▶ _WHAT THE EXERCISE ASKS_
Skip the pictures. Retype exactly, and only, the lines between the line holding "ـــــــــــــــــــــــــــــQنِصْفِهِ، هَذَا كُلُّهُ" and the last line below, inclusive.

▶ _DATA SECTION_
····················
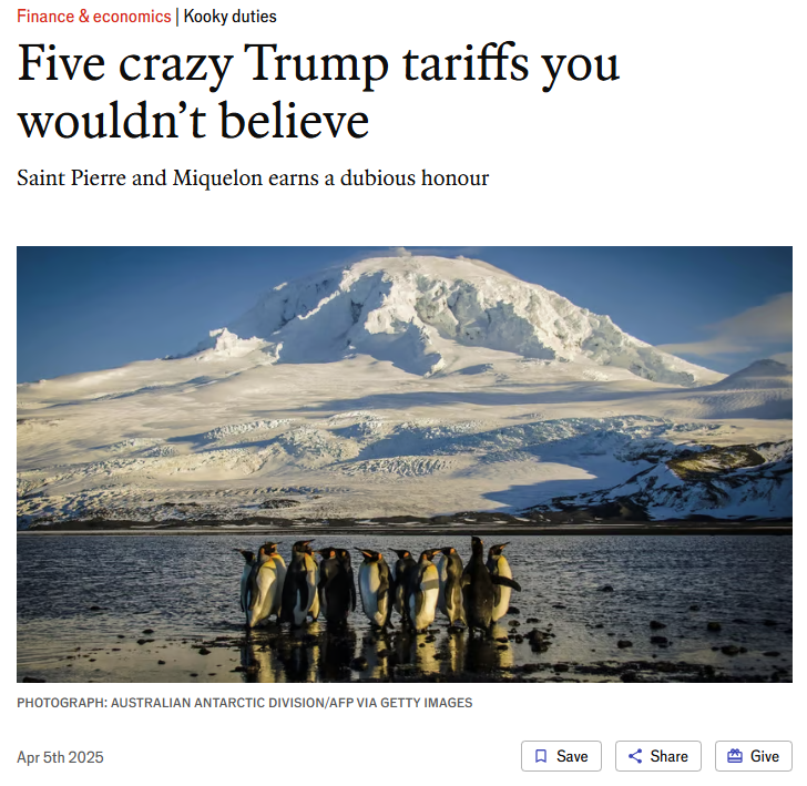 트럼프 관세가 조악했다는 이야기가 나왔으니 얼마나 조악했는지, 다 아는 부분 빼고 짚어보죠. Economist에 다음과 같은 아티클이 올라왔습니다. 먼저 주의할 점... Economist는 영국 언론이며 1기 때부터 트럼프에게 매우 비판적인 논조를 이어왔습니다.
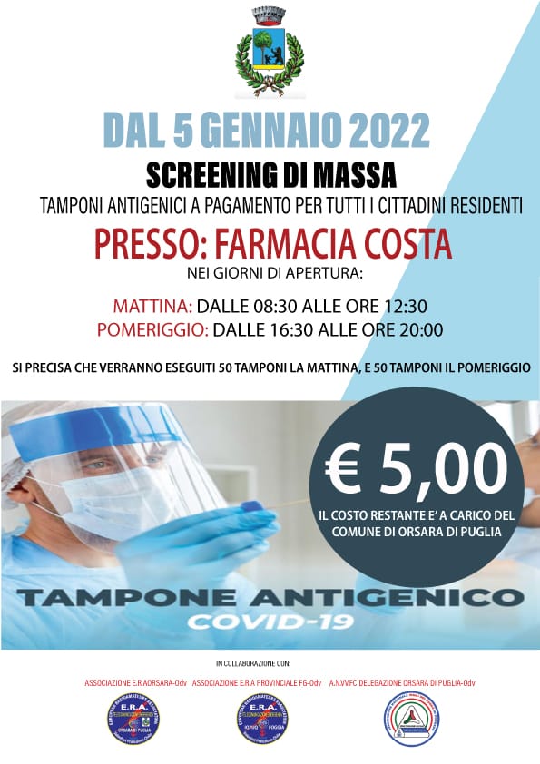 A partire da oggi, mercoledì 5 gennaio 2022, il Comune di Orsara di Puglia ha avviato lo screening anticovid di massa per tutti i cittadini orsaresi. Tra stamattina e stasera, saranno effettuati i primi 100 tamponi antigenici dalle 8.30 alle 12.30 e dalle 16.30 alle 20 di oggi. Le cittadine e i cittadini orsaresi potranno sottoporsi al tampone antigenico presso la Farmacia Costa. Ogni singolo esame costerà soltanto 5 euro, poiché la parte restante sarà a carico del Comune di Orsara di Puglia. “I dati ufficiali comunicatici dagli organismi competenti”, ha spiegato il sindaco Tommaso Lecce, “registrano ad oggi 14 positivi nel nostro paese, ma i contagi sono in aumento, poiché soltanto 24 ore prima i positivi accertati erano 10. Com’è ovvio, naturalmente, stiamo monitorando costantemente la situazione. Per questo motivo abbiamo deciso di favorire prevenzione e monitoraggio con lo screening di massa che partirà oggi e proseguirà nei prossimi giorni. E’ una misura sulla quale il Comune di Orsara ha inteso investire perché potrà aiutarci a individuare nuovi casi e a procedere con le conseguenti quarantene. Comprendo appieno la preoccupazione dei cittadini, è del tutto evidente che il numero dei contagi accertati sta aumentando come del resto avviene in ogni parte d’Italia, ma è bene non generare allarmismi ed evitare di alimentare voci infondate su numeri che non hanno riscontri ufficiali e certificati. Abbiamo a disposizione tre strumenti semplici e fondamentali da attuare per limitare al minimo i rischi: vaccinarsi, utilizzare la mascherina e, se possibile, usufruire delle giornate di screening che cominceranno oggi con i primi 100 tamponi. Tutti vediamo i tg nazionali e leggiamo le notizie sulla ripresa dei contagi, è una situazione di cui bisogna avere piena coscienza, in modo da osservare un comportamento scrupoloso e attento verso se stessi e verso gli altri”.
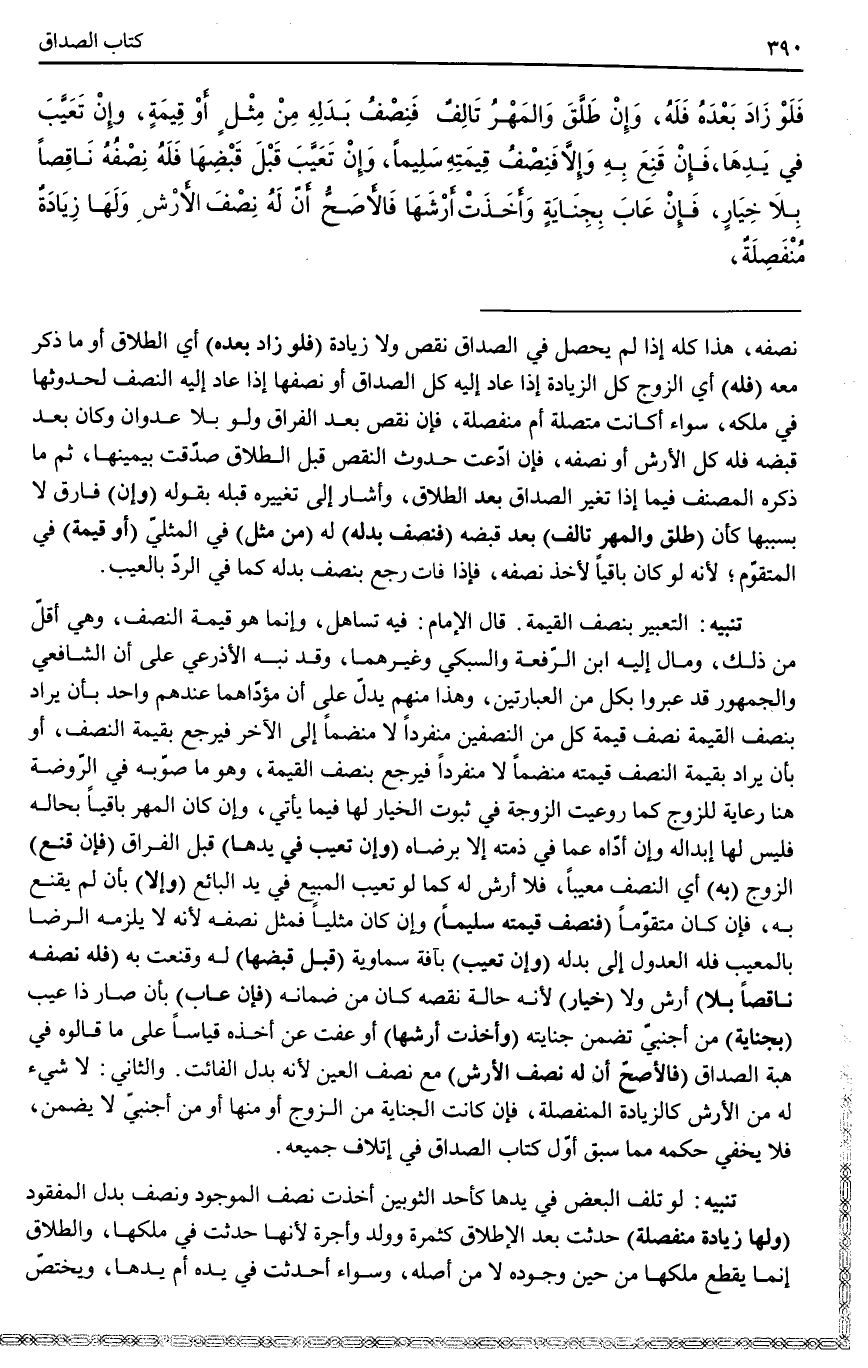 ـــــــــــــــــــــــــــــQنِصْفِهِ، هَذَا كُلُّهُ إذَا لَمْ يَحْصُلْ فِي الصَّدَاقِ نَقْصٌ وَلَا زِيَادَةٌ (فَلَوْ زَادَ بَعْدَهُ) أَيْ الطَّلَاقِ أَوْ مَا ذُكِرَ مَعَهُ (فَلَهُ) أَيْ الزَّوْجِ كُلُّ الزِّيَادَةِ إذَا عَادَ إلَيْهِ كُلُّ الصَّدَاقِ أَوْ نِصْفُهَا إذَا عَادَ إلَيْهِ النِّصْفُ لِحُدُوثِهَا فِي مِلْكِهِ، سَوَاءٌ أَكَانَتْ مُتَّصِلَةً أَمْ مُنْفَصِلَةً، فَإِنْ نَقَصَ بَعْدَ الْفِرَاقِ وَلَوْ بِلَا عُدْوَانٍ وَكَانَ بَعْدَ قَبْضِهِ فَلَهُ كُلُّ الْأَرْشِ أَوْ نِصْفُهُ، فَإِنْ ادَّعَتْ حُدُوثَ النَّقْصِ قَبْلَ الطَّلَاقِ صُدِّقَتْ بِيَمِينِهَا، ثُمَّ مَا ذَكَرَهُ الْمُصَنِّفُ فِيمَا إذَا تَغَيَّرَ الصَّدَاقُ بَعْدَ الطَّلَاقِ، وَأَشَارَ إلَى تَغْيِيرِهِ قَبْلَهُ بِقَوْلِهِ.
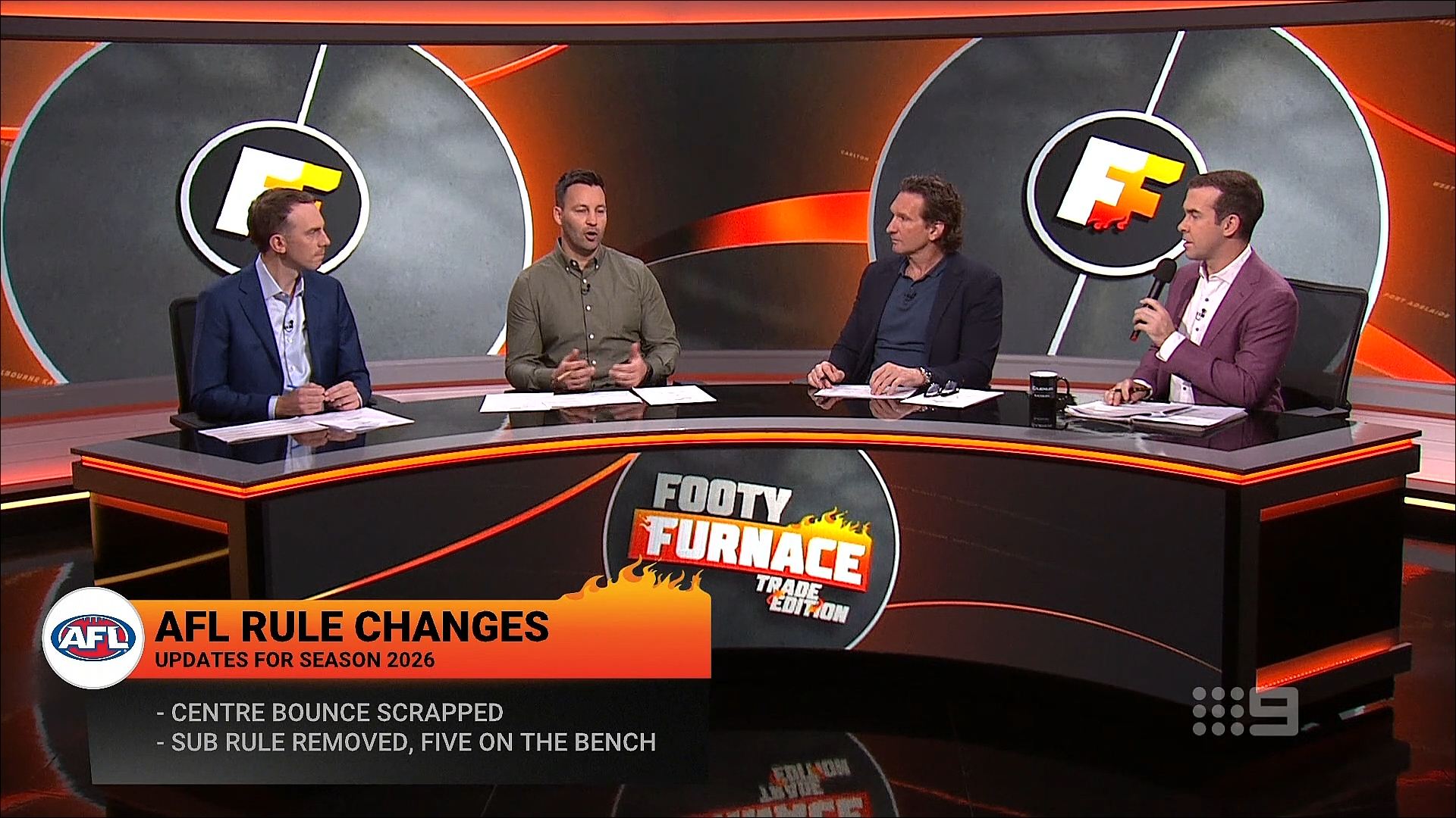 Footy Furnace with James Hird and Jimmy Bartel is now exclusively on YouTube and 9Now, with the program expanding to three shows a week. Wednesday nights will preview the round ahead, Sunday morning will discuss the biggest talking points of the round so far, and Sunday nights will bring the heat on the full round of football.
····················
▶ _REPLY TO THE TASK_
 ـــــــــــــــــــــــــــــQنِصْفِهِ، هَذَا كُلُّهُ إذَا لَمْ يَحْصُلْ فِي الصَّدَاقِ نَقْصٌ وَلَا زِيَادَةٌ (فَلَوْ زَادَ بَعْدَهُ) أَيْ الطَّلَاقِ أَوْ مَا ذُكِرَ مَعَهُ (فَلَهُ) أَيْ الزَّوْجِ كُلُّ الزِّيَادَةِ إذَا عَادَ إلَيْهِ كُلُّ الصَّدَاقِ أَوْ نِصْفُهَا إذَا عَادَ إلَيْهِ النِّصْفُ لِحُدُوثِهَا فِي مِلْكِهِ، سَوَاءٌ أَكَانَتْ مُتَّصِلَةً أَمْ مُنْفَصِلَةً، فَإِنْ نَقَصَ بَعْدَ الْفِرَاقِ وَلَوْ بِلَا عُدْوَانٍ وَكَانَ بَعْدَ قَبْضِهِ فَلَهُ كُلُّ الْأَرْشِ أَوْ نِصْفُهُ، فَإِنْ ادَّعَتْ حُدُوثَ النَّقْصِ قَبْلَ الطَّلَاقِ صُدِّقَتْ بِيَمِينِهَا، ثُمَّ مَا ذَكَرَهُ الْمُصَنِّفُ فِيمَا إذَا تَغَيَّرَ الصَّدَاقُ بَعْدَ الطَّلَاقِ، وَأَشَارَ إلَى تَغْيِيرِهِ قَبْلَهُ بِقَوْلِهِ.
 Footy Furnace with James Hird and Jimmy Bartel is now exclusively on YouTube and 9Now, with the program expanding to three shows a week. Wednesday nights will preview the round ahead, Sunday morning will discuss the biggest talking points of the round so far, and Sunday nights will bring the heat on the full round of football.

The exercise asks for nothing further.